My left knee was talking to me this spring and summer. I went down to Jikoji for Kobun’s memorial, and brought home the book of Kobun anecdotes and stories that Vanja Palmers put together for the sangha (what a guy!). In the book, there’s a story of how someone heard Kobun could get into the lotus without using his hands. When he was asked about it, he demonstrated that he could. Although I can’t do what he did, if I aim to do that I find I can get in the posture without my knees talking to me.
There is a stretch at the hips in the lotus no doubt, but there is also stretch at the ilio-sacral “joints”. Observing the stretch at the sacrum was my entry to sitting the lotus in zazen.
Nevertheless, the practice of zazen is to allow the present sense of location to open the feeling necessary to the movement of breath. I am writing now concerning the role of the senses of equilibrium, gravity and proprioception in the location of awareness, and I discover that for me equilibrium brings forward the hammocking of the hips through activity of the obturator muscles, the turning of the wings of the pelvis by the sartorious muscles, and the rocking of the pelvis on the sit bones by the extensor and psoas muscles.
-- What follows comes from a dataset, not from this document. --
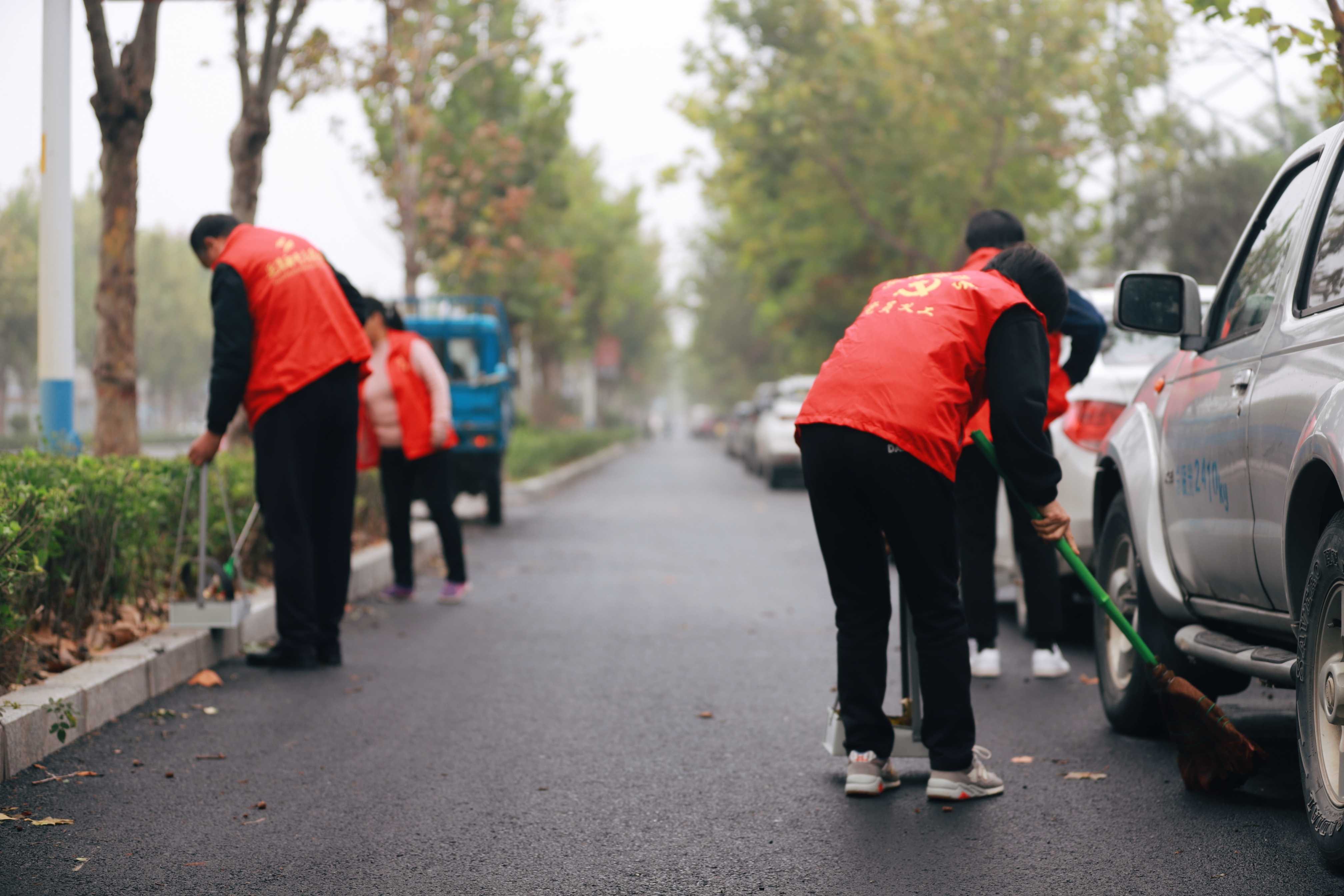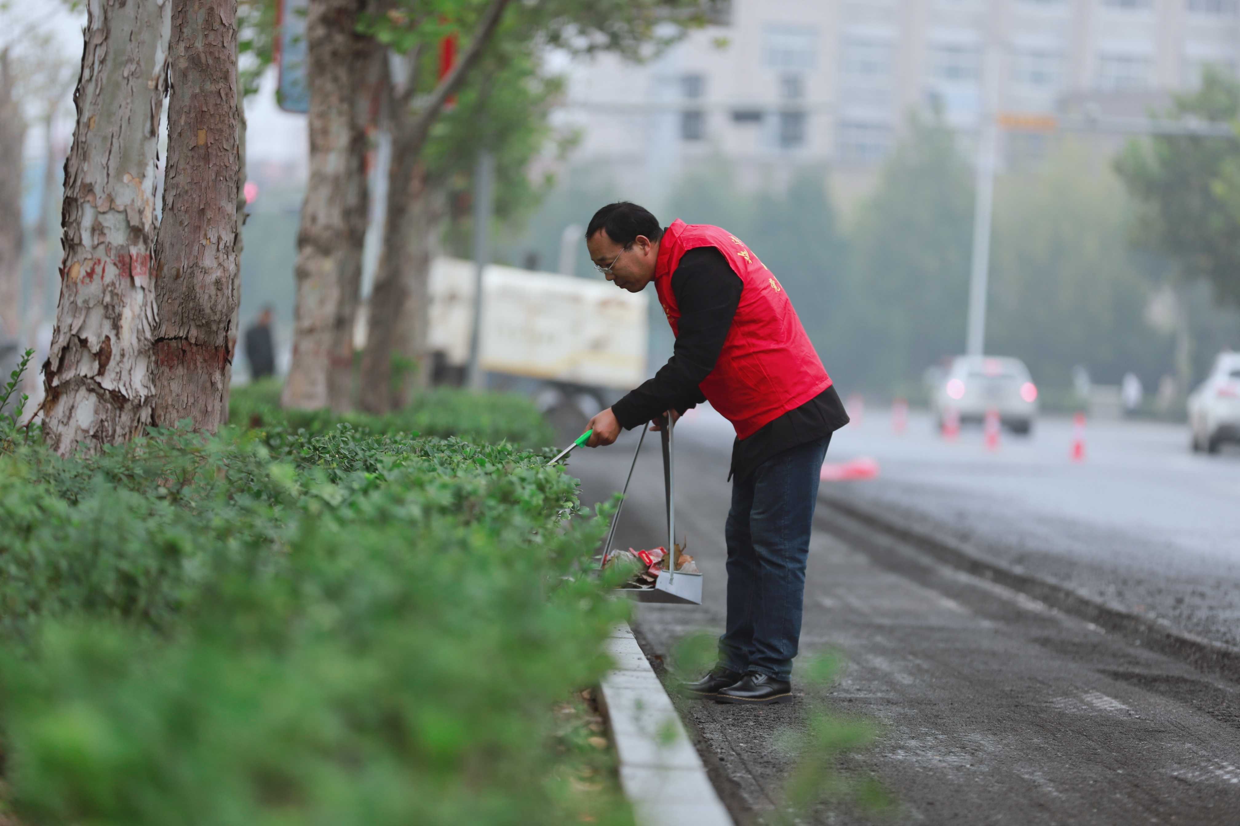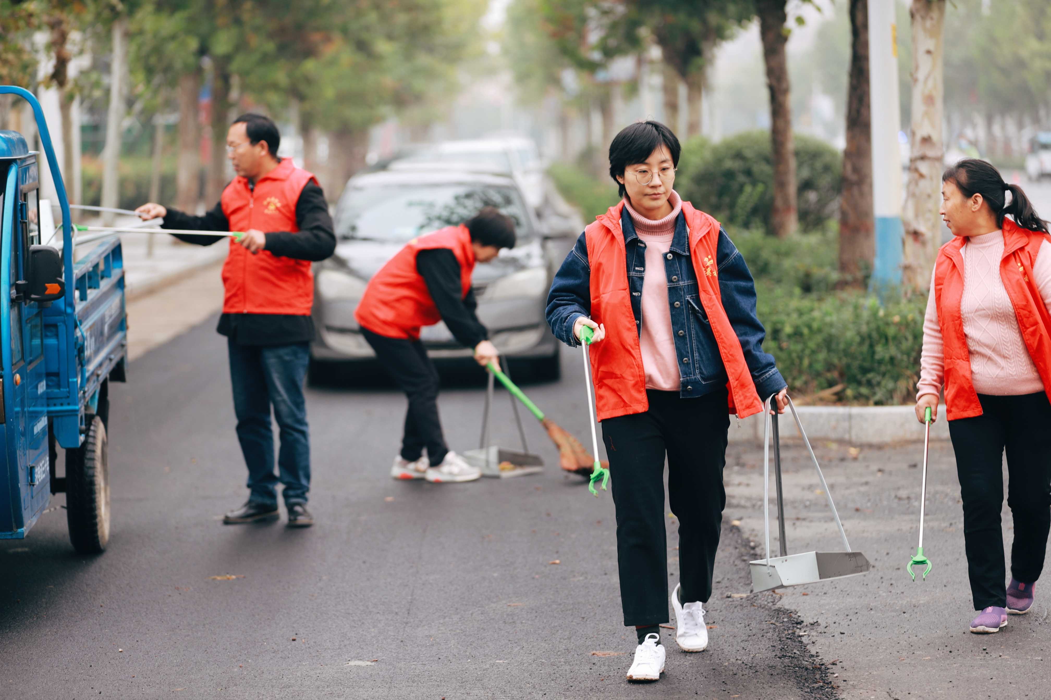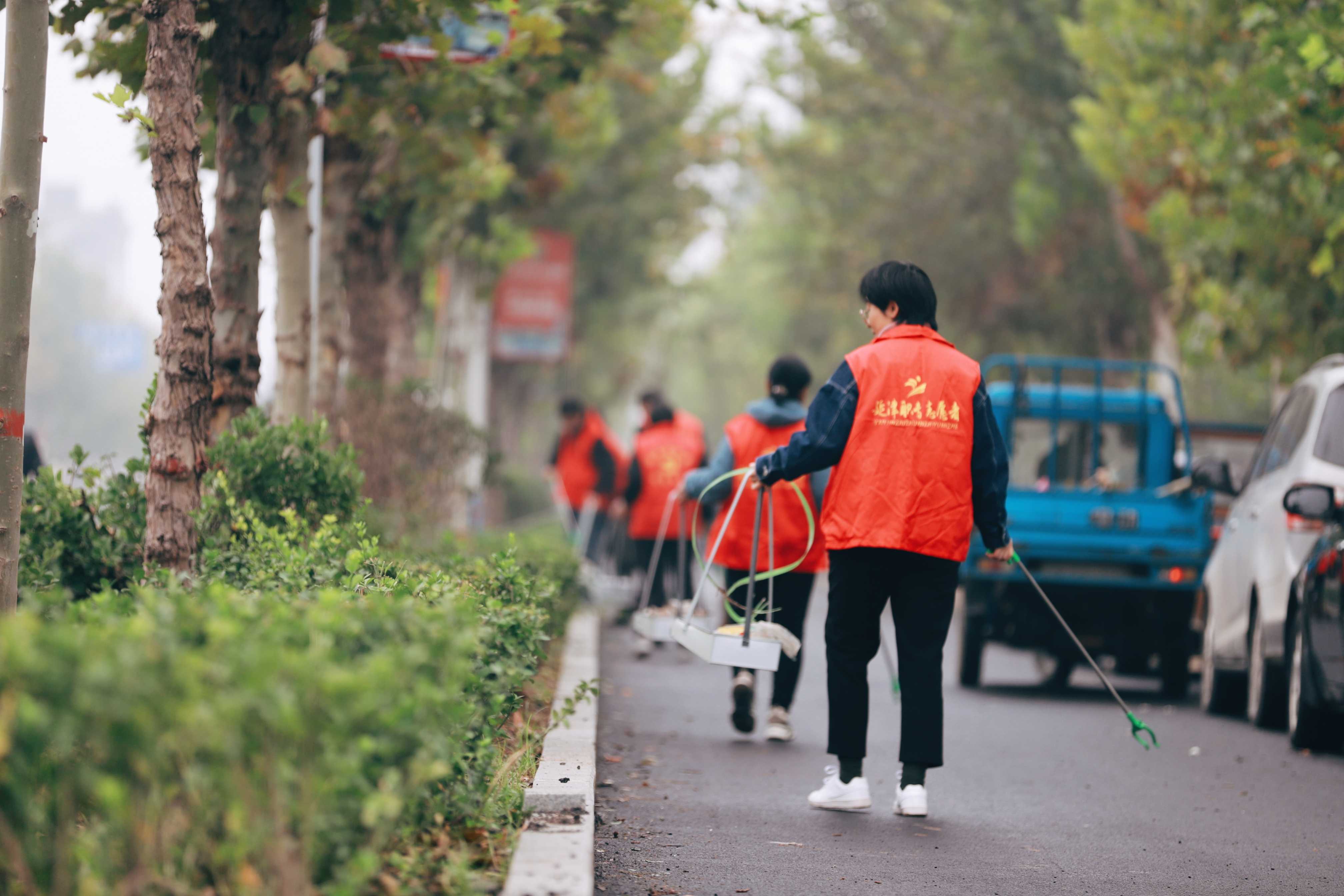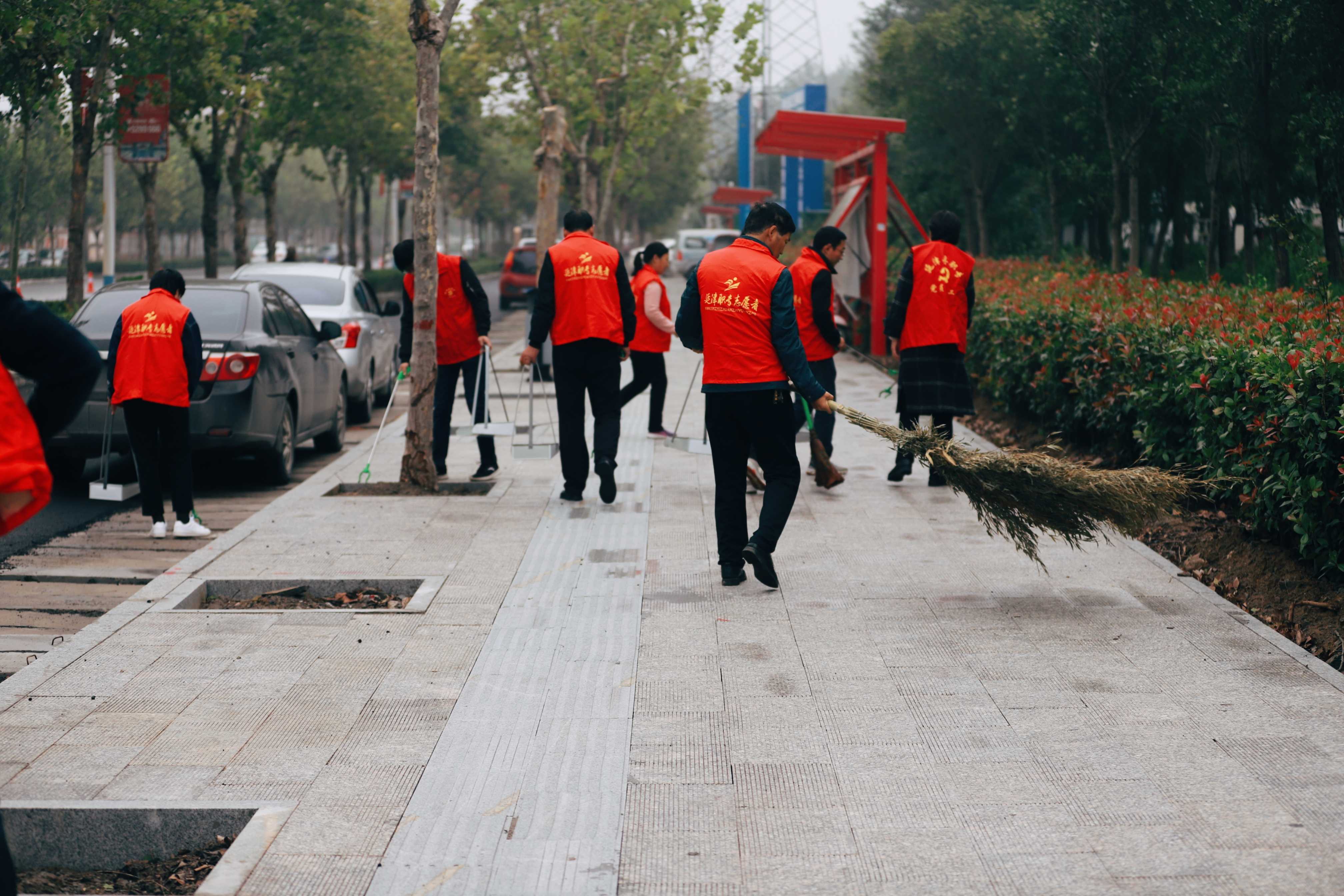活动开始前,志愿者们整装待发集结在学校门口,办公室主任赵明伟讲解活动中的注意事项以及清扫任务。随后,志愿者们手拿清扫工具,身穿志愿者红马褂,发扬“ 不怕苦、不怕累、不怕脏”的奉献精神,在西环沿路对街道、绿化带、沟渠中的垃圾、落叶进行清扫。

When the activity of the piriformis muscles and gluteous muscles in a counter-rotation to sartorius of the sacrum comes forward, the necessity of breath in the placement of awareness and the ability to feel can include “the infinity of ether” in the ten directions, so to speak.
For me, it’s very important to my knees to realize that the activity from the soles of my feet to the crown of my head and from the crown of my head to the soles of my feet can turn the sacrum one way and the pelvis the other, and that this activity is engendered through the location of awareness and the ability to feel that arises in the necessity of the movement of breath at the moment.